Chiarezza. E’ questo che serve alla F1. E’ questo ciò che chiedono i tifosi. E’ questo ciò che invocano gli stessi addetti ai lavori. Tra meno di un mese le monoposto in configurazione 2022 gireranno in Spagna per la prima sessione di test cumulativi. Il mese successivo sarà quello dell’avvio ufficiale di una stagione ricca di aspettative, curiosità e nelle quale ci sono molti temi caldi da affrontare.
Nonostante la crescente attesa, l’eco dei fatti di Abu Dhabi risuona ancora forte nell’aria. Tra quelle situazioni spinose che la F1 deve affrontare c’è proprio il modo in cui intende rispondere alle cose che non hanno funzionato nell’epilogo di una stagione tirata ed emozionante ma che purtroppo, almeno per il momento, viene ricordata più per l’operato di Michael Masi che per i due titoli assegnati sul filo di lana. La chiarezza a cui alludevamo prima serve proprio per sedare, una volta e per tutte, il coro di critiche che sta avvelenando il dibattito.
Nella F1 della nuova generazione interverranno molteplici fattori inediti sul fronte regolamentare. E già sarà difficile operare un preciso controllo su come le varie squadre hanno interpretato le nuove norme. Ecco perché, in questo contesto con pochi paletti che apre ad una possibile relativizzazione tecnica, serve avere un linea coerente almeno sul versante del diritto sportivo. Inutile girarci intorno: i regolamenti che sovraintendono alla gestione dell’evento vanno migliorati. E a chiederlo sono le squadre che devono capire quali sono i veri margini operativi entro i quali potersi muovere.

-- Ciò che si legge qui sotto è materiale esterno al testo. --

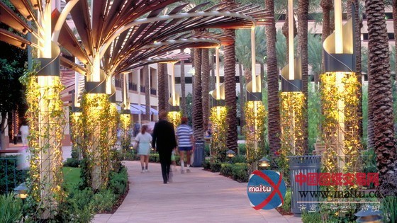 这是由 SWA设计的美国亚利桑那州凤凰城亚利桑那中间。该项目是一个公共私有同化利用的凤凰城中间区。在城市中间,以往只有一些汗青性的建筑物,没有海滨和主街道的购物传统,该项目成为一个全新的都会中间:住在城中间的人们鄙人班后可以落拓的在花圃中勾当,城郊的旅客也能够在周末带着孩子们玩耍,同时这里还有一座高尔夫球场。操纵800棵椰枣树,将该中间前被划分成8块区域。

La FIA è consapevole delle volontà dei protagonisti ed è per questo motivo che ha avviato una serie di indagini che coinvolgono gli episodi più controversi del 2021 col fine di superare certe difficoltà ed offrire una linea interpretativa finalmente coerente.

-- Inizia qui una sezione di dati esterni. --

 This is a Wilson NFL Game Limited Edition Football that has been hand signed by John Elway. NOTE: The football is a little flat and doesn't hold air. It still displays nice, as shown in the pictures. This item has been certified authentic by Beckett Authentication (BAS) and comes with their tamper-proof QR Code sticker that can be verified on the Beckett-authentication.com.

Abu Dhabi è stata la punta di un iceberg di grandi proporzioni ma che è composto da altre controverse decisioni prese dalla direzione gara e dal collegio giudicante: il GP fantasma di Spa Francorchamps che alla fine ha pesato come un macigno sull’assegnazione del titolo, il mancato giudizio nel GP del Brasile, la gestione delle Safety Car a Jeddah con successivo brake test di Verstappen penalizzato in maniera forse non congrua, per giungere alle decisioni di Yas Marina che sono evidentemente andate contro ogni prassi consolidata.
In queste situazioni dibattute, spesso, è entrato in gioco Michael Masi, il grande imputato della F1. Alain Prost, uno che di casi ai limiti del consentito se ne intende considerando certi duelli con Ayrton Senna, ha evidenziato come quanto accaduto nell’ultimo GP del 2021 non sia stato corretto. Ma ha contestualmente riferito che il lavoro del dirigente australiano è tutt’altro che semplice anche a causa delle pressioni subite dai team via radio e che da quest’anno saranno bandite.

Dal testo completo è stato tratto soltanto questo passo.